WORK ORDER: Only these lines of the data below are wanted: the one with "11 db vegyes", the one with "and safety guards.", and any lines between them, each repeated exactly.

MATERIAL PROVIDED:

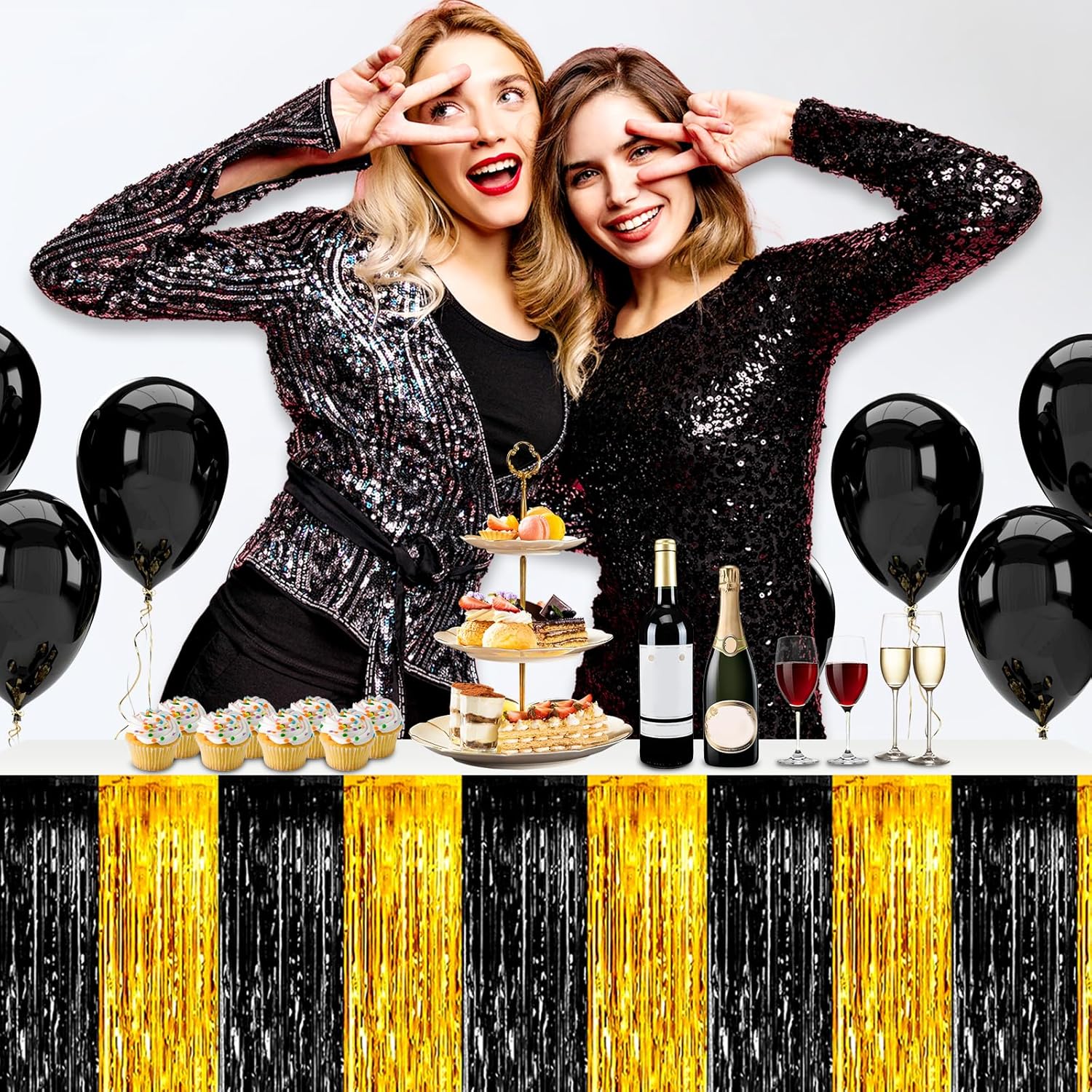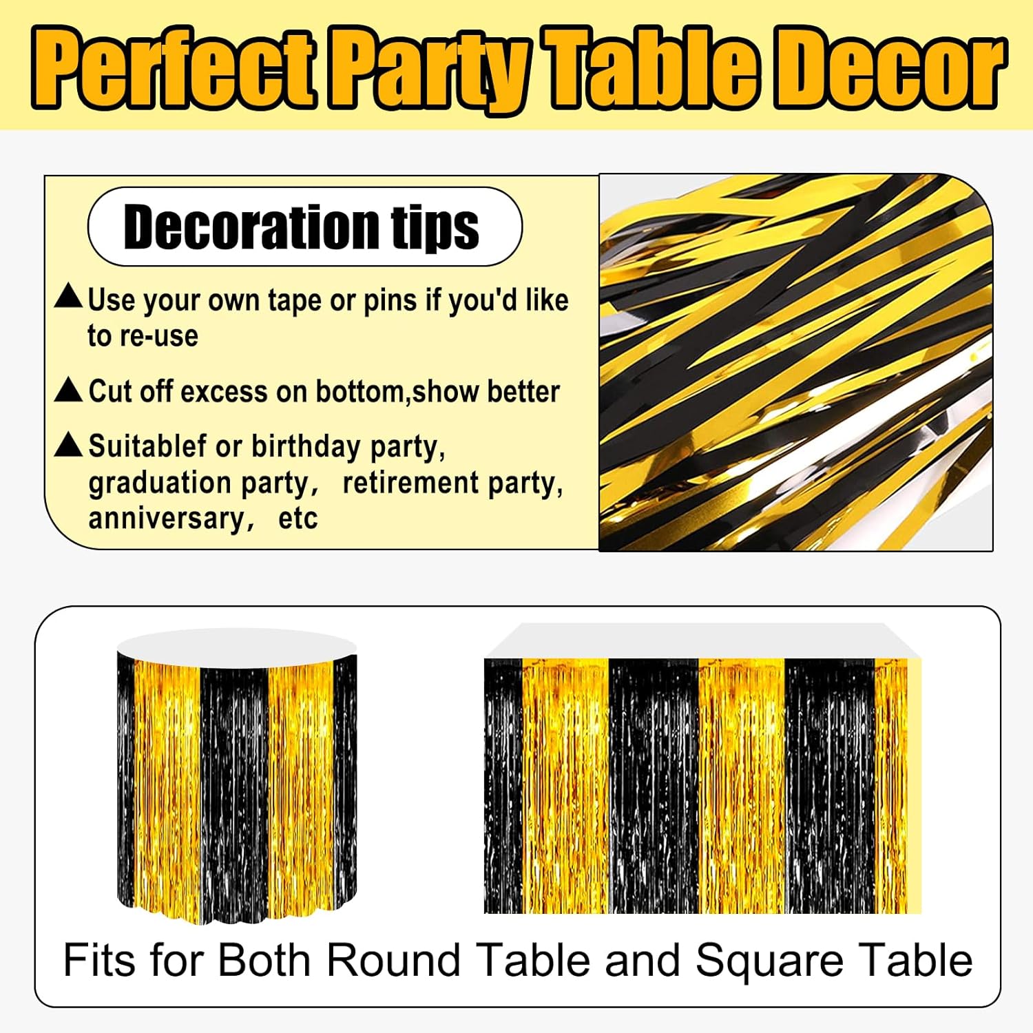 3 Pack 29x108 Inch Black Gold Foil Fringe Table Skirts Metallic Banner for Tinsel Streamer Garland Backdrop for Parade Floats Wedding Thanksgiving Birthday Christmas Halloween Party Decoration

* * *

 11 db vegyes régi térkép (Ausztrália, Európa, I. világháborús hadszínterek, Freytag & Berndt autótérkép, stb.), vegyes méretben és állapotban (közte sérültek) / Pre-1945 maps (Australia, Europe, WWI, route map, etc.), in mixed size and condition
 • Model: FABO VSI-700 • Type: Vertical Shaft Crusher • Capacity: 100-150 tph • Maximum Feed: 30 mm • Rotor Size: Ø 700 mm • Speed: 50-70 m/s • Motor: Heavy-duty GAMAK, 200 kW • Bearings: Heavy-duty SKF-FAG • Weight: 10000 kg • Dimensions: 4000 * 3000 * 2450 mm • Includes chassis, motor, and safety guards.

==

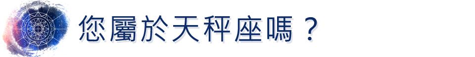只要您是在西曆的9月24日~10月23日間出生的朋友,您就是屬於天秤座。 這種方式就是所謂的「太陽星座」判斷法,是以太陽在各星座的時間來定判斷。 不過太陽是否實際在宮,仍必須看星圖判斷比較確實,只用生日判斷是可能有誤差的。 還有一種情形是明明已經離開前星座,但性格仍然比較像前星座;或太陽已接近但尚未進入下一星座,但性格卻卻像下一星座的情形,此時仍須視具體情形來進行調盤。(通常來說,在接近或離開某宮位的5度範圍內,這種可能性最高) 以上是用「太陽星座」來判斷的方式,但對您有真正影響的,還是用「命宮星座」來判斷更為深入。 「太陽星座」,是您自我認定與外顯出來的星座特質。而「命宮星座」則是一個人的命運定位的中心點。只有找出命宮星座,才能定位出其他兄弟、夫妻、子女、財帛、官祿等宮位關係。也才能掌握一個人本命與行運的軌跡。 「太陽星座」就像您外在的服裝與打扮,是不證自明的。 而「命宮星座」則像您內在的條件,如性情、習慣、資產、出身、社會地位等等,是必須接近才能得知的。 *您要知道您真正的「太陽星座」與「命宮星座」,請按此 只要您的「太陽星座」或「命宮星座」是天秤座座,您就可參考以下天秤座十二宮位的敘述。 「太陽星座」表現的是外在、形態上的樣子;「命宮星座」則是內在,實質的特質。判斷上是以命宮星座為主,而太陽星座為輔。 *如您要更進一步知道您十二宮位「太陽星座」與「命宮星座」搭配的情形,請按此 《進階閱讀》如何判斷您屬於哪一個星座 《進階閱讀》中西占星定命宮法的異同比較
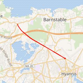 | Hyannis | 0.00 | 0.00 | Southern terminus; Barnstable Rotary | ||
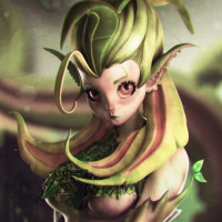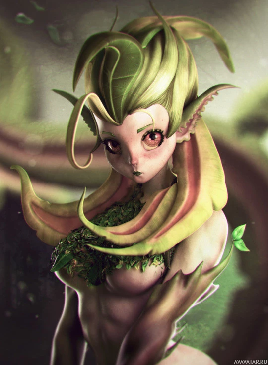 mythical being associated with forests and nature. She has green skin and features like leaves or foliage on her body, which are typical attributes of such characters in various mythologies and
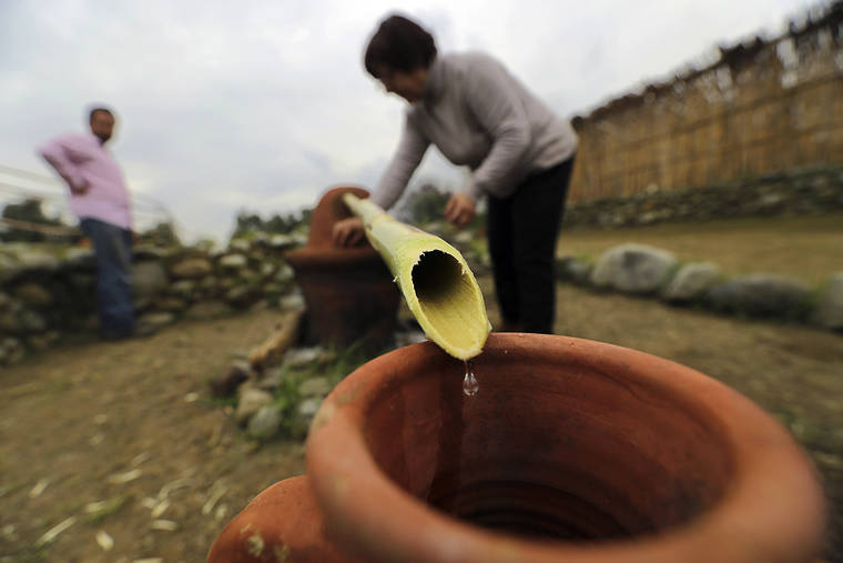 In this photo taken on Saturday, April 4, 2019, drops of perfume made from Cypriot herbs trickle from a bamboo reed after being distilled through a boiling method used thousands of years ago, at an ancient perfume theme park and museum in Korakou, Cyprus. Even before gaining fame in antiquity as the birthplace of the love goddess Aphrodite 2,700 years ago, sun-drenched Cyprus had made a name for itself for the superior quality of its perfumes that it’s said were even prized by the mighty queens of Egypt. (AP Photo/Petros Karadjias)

EXPECTED OUTPUT:
 11 db vegyes régi térkép (Ausztrália, Európa, I. világháborús hadszínterek, Freytag & Berndt autótérkép, stb.), vegyes méretben és állapotban (közte sérültek) / Pre-1945 maps (Australia, Europe, WWI, route map, etc.), in mixed size and condition
 • Model: FABO VSI-700 • Type: Vertical Shaft Crusher • Capacity: 100-150 tph • Maximum Feed: 30 mm • Rotor Size: Ø 700 mm • Speed: 50-70 m/s • Motor: Heavy-duty GAMAK, 200 kW • Bearings: Heavy-duty SKF-FAG • Weight: 10000 kg • Dimensions: 4000 * 3000 * 2450 mm • Includes chassis, motor, and safety guards.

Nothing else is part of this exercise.